Data shown:
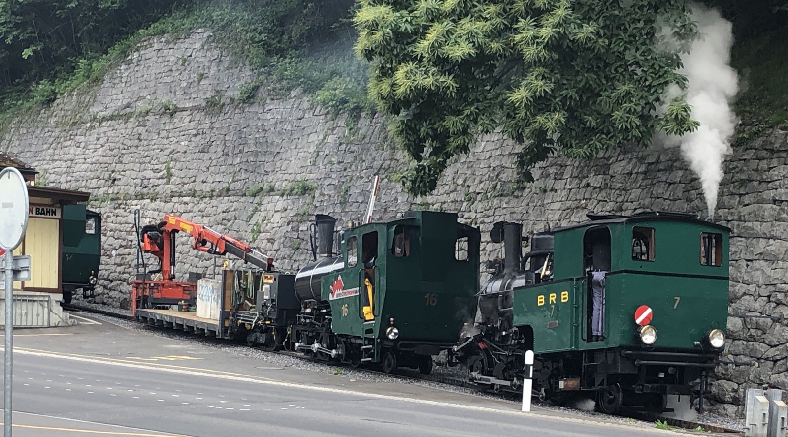 Ich habe richtig gerochen. Denn nun kommt nämlich eine dieser neueren Diesel-Dampflokomotiven. Nummer 16 wurde 1992 erbaut, war bis 2004 bei der Bahn zum Rochers-de-Naye. Ihr vorangestellt ist ein Güter- bzw Dienstwagen mit Kran. Als Dritte folgt die Nummer 14 von 1996.
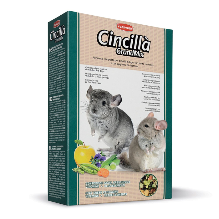 Padovan GRANDMIX CAVIE & CINCILLA - комплексный корм для морских свинок, шиншилл и дегу. Высококачественный полноценный комплексный корм для морских свинок, шиншилл и дегу. Обогащен фруктами и овощами, минералами , витаминами, особенно витамином С,который дополнительно необходим морской свинке из-за утраченной способности его синтезировать.
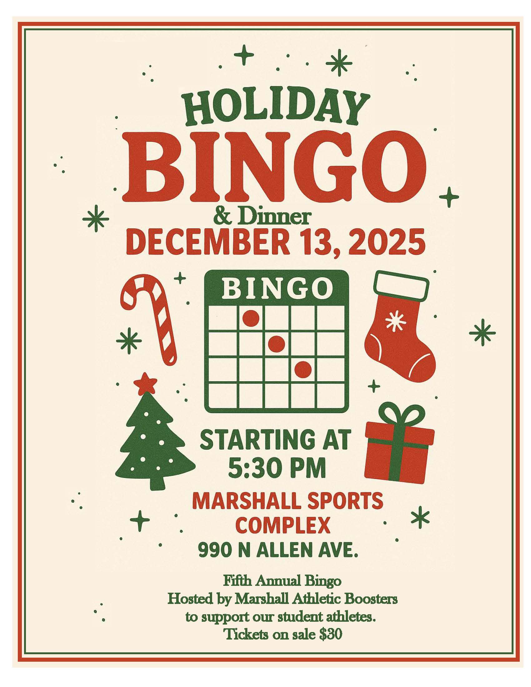 The Marshall Athletic Boosters invite the community to enjoy a festive evening at their Fifth Annual Bingo & Dinner Night—an event filled with holiday cheer, delicious food, and plenty of fun, all in support of Marshall’s student athletes.
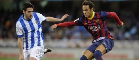 Câteva ore mai târziu, Barcelona s-a făcut de râs în Ţara Bascilor, pierzând cu 3-1 disputa de la San Sebastian cu Real Sociedad. Catalanii nu au câştigat pe stadionul Anoeta din anul 2007. Pentru catalani a marcat Messi (34) în timp ce golurile gazdelor au fost semnate de Alex Song (aut.32), Griezmann (54) şi Zurutuza (59). În aceste condiţii, Real a preluat şefia în clasament Spania Primera Division, în timp ce Barcelona a rămas în urmă cu trei puncte. Catalanii ar putea fi depăşiţi şi de Atletico Madrid, duminică, dacă aceasta va câştiga sau va remiza cu Osasuna.
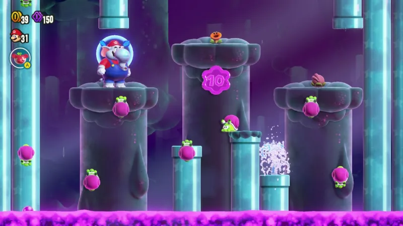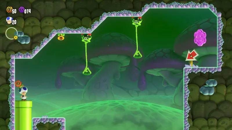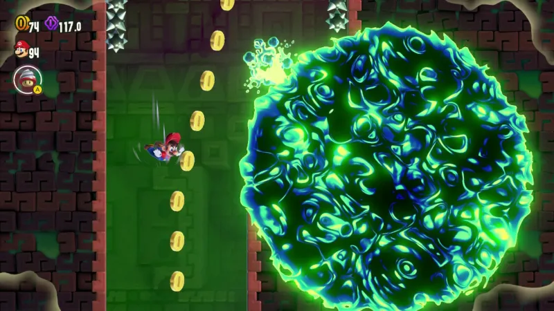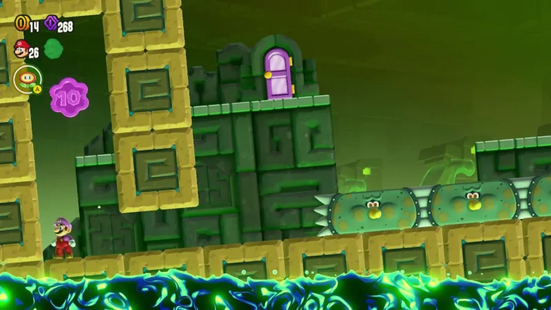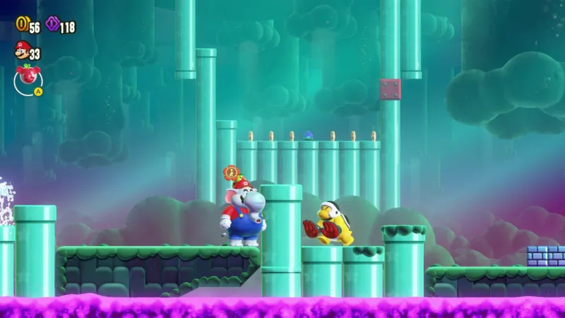 - During the Wonder Effect, you’ll see coin 3 floating above the acid. The pipe above it will fall, and you need to quickly jump on it before it sinks into the acid below.

Task statement: All entries are to be duplicated exactly, with the pictures left out.

Reply to the task:
 Ich habe richtig gerochen. Denn nun kommt nämlich eine dieser neueren Diesel-Dampflokomotiven. Nummer 16 wurde 1992 erbaut, war bis 2004 bei der Bahn zum Rochers-de-Naye. Ihr vorangestellt ist ein Güter- bzw Dienstwagen mit Kran. Als Dritte folgt die Nummer 14 von 1996.
 Padovan GRANDMIX CAVIE & CINCILLA - комплексный корм для морских свинок, шиншилл и дегу. Высококачественный полноценный комплексный корм для морских свинок, шиншилл и дегу. Обогащен фруктами и овощами, минералами , витаминами, особенно витамином С,который дополнительно необходим морской свинке из-за утраченной способности его синтезировать.
 The Marshall Athletic Boosters invite the community to enjoy a festive evening at their Fifth Annual Bingo & Dinner Night—an event filled with holiday cheer, delicious food, and plenty of fun, all in support of Marshall’s student athletes.
 Câteva ore mai târziu, Barcelona s-a făcut de râs în Ţara Bascilor, pierzând cu 3-1 disputa de la San Sebastian cu Real Sociedad. Catalanii nu au câştigat pe stadionul Anoeta din anul 2007. Pentru catalani a marcat Messi (34) în timp ce golurile gazdelor au fost semnate de Alex Song (aut.32), Griezmann (54) şi Zurutuza (59). În aceste condiţii, Real a preluat şefia în clasament Spania Primera Division, în timp ce Barcelona a rămas în urmă cu trei puncte. Catalanii ar putea fi depăşiţi şi de Atletico Madrid, duminică, dacă aceasta va câştiga sau va remiza cu Osasuna.
 - During the Wonder Effect, you’ll see coin 3 floating above the acid. The pipe above it will fall, and you need to quickly jump on it before it sinks into the acid below.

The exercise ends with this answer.